● **The problem**
Nothing but the lines from the one containing "Discover comfort and" to the end of the data should be copied, exactly, and the pictures stay out.

● **Data excerpt**
Content starts

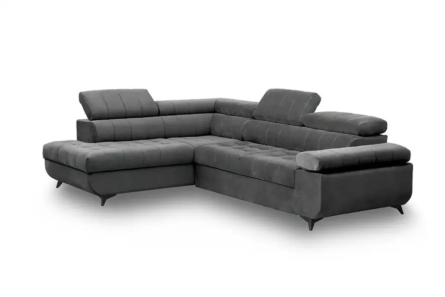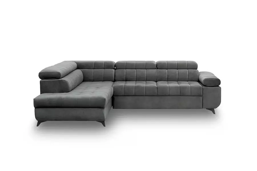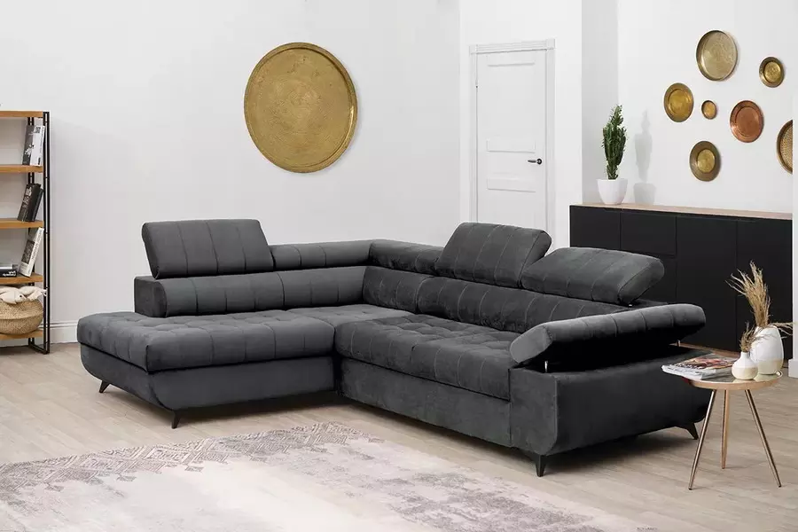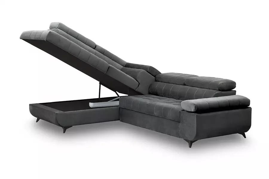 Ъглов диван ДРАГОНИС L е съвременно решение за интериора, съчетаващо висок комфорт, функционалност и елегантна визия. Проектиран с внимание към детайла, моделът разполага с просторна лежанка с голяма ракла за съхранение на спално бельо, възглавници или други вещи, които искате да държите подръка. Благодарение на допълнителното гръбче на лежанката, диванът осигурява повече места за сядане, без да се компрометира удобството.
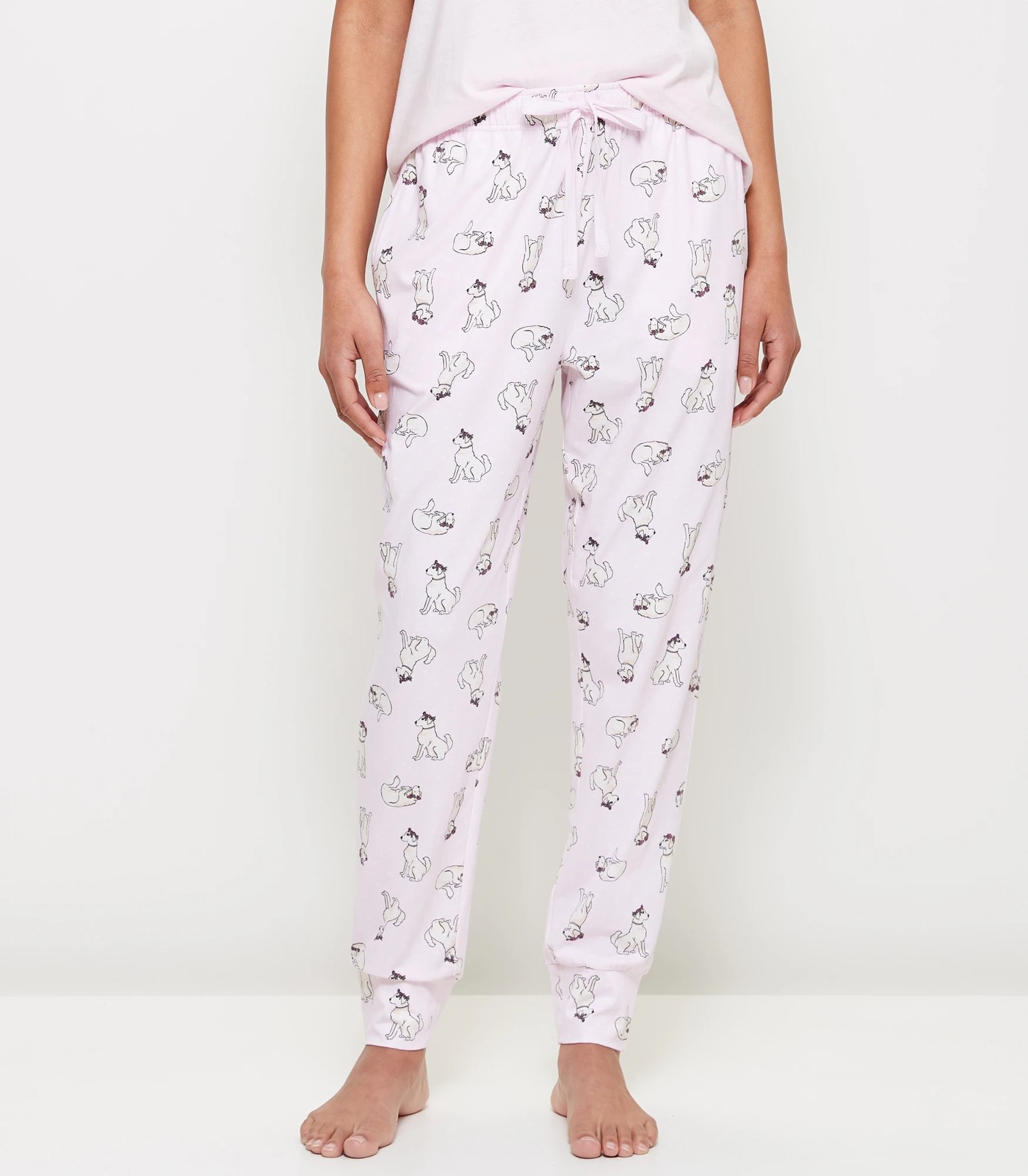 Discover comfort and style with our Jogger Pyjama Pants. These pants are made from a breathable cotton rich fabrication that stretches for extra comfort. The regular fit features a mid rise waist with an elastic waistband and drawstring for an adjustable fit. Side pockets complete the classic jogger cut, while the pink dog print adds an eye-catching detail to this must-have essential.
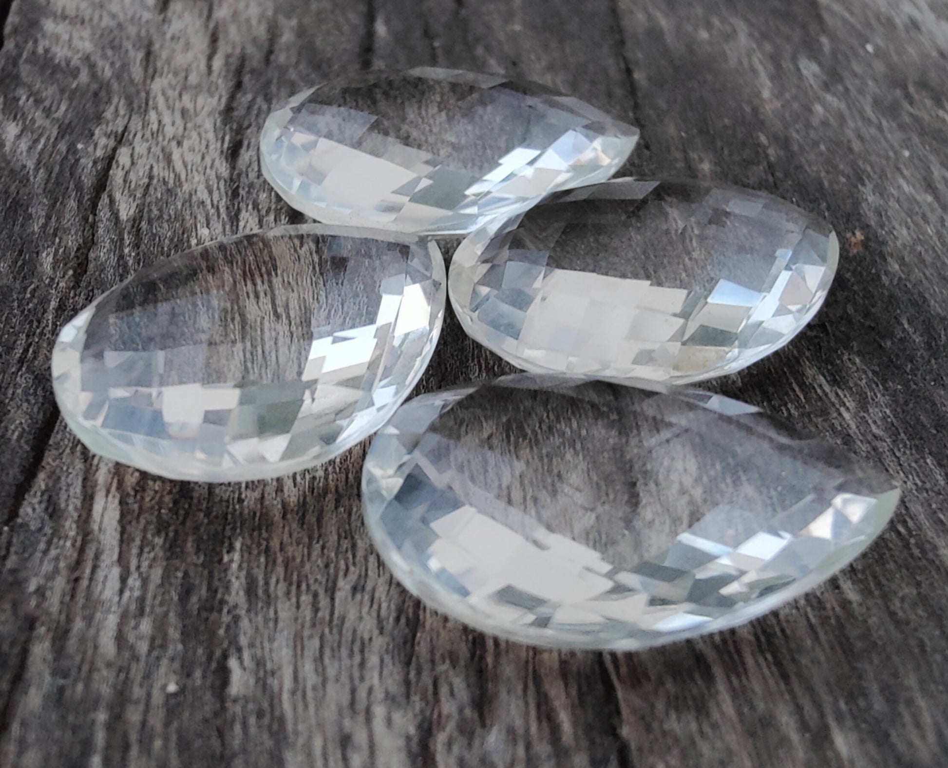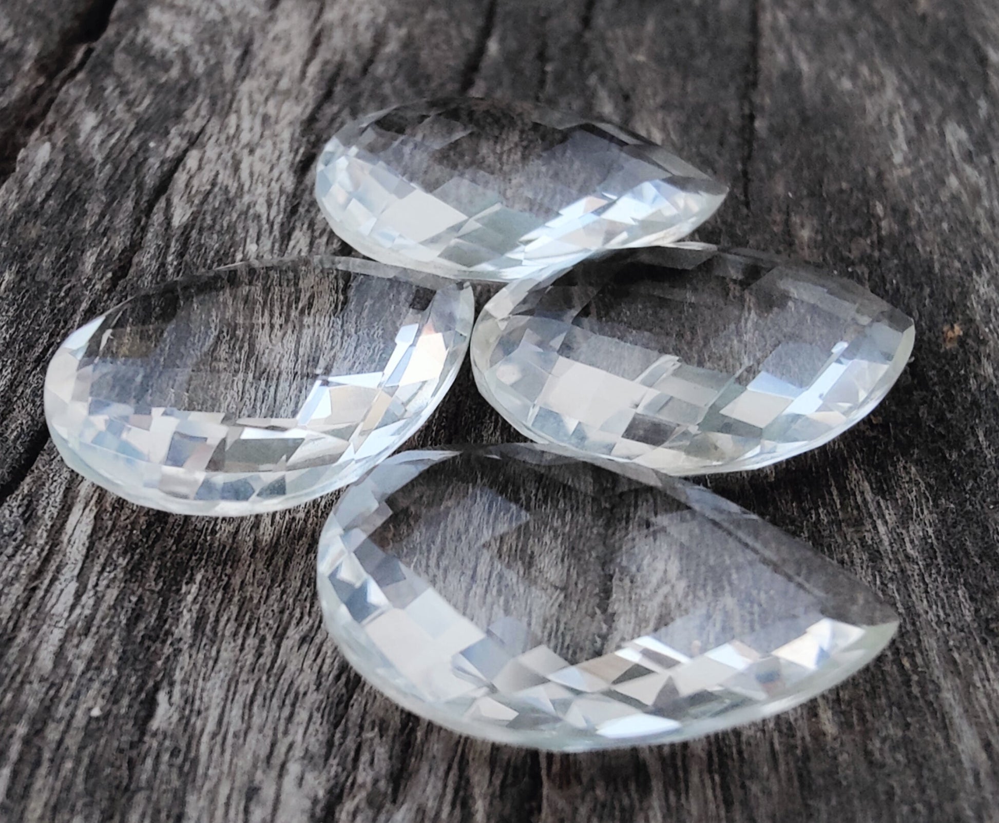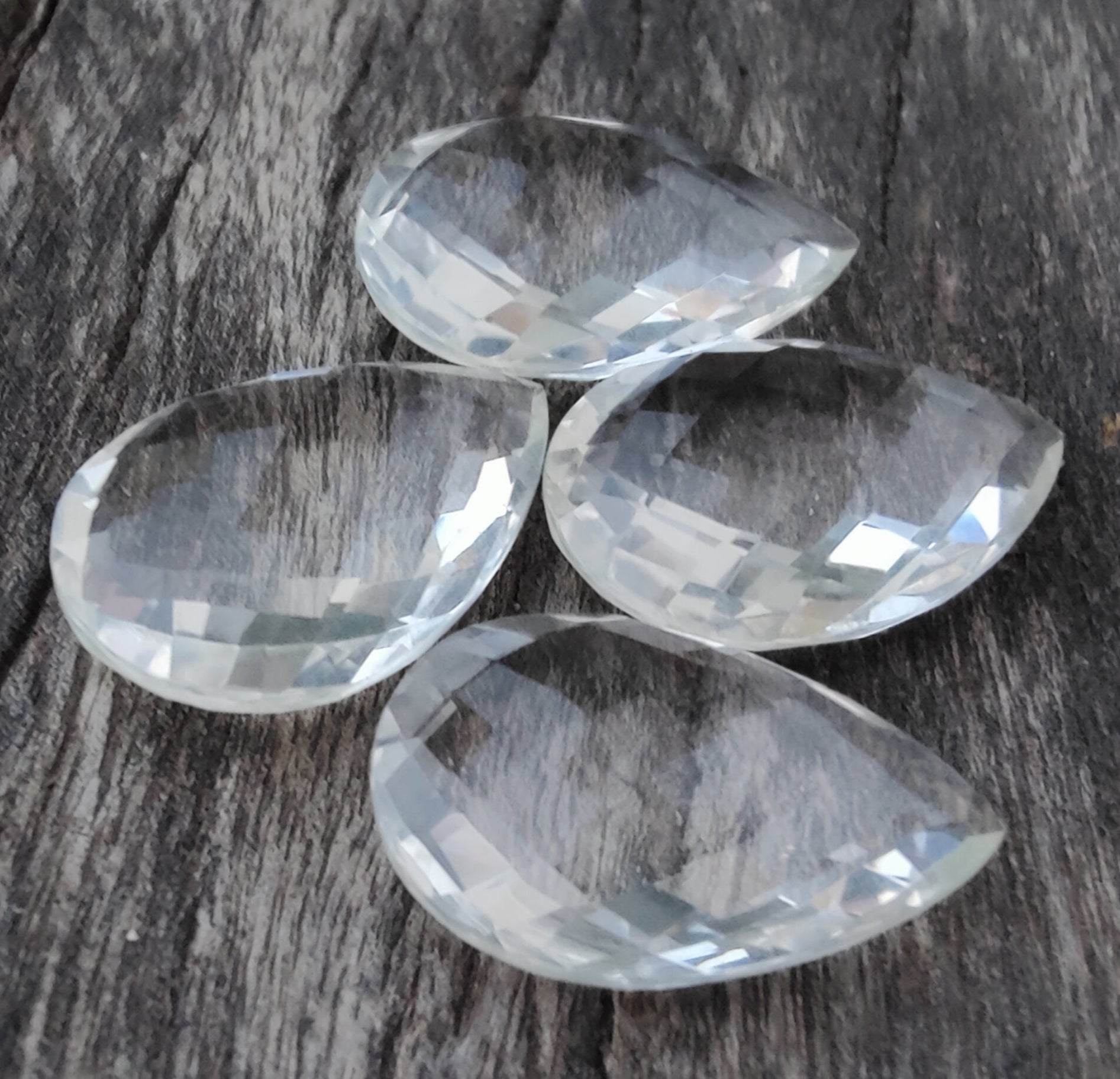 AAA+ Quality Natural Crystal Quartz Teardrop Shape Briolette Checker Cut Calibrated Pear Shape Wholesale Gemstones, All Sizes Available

Content ends

● **Answer to this task**
 Discover comfort and style with our Jogger Pyjama Pants. These pants are made from a breathable cotton rich fabrication that stretches for extra comfort. The regular fit features a mid rise waist with an elastic waistband and drawstring for an adjustable fit. Side pockets complete the classic jogger cut, while the pink dog print adds an eye-catching detail to this must-have essential.
 AAA+ Quality Natural Crystal Quartz Teardrop Shape Briolette Checker Cut Calibrated Pear Shape Wholesale Gemstones, All Sizes Available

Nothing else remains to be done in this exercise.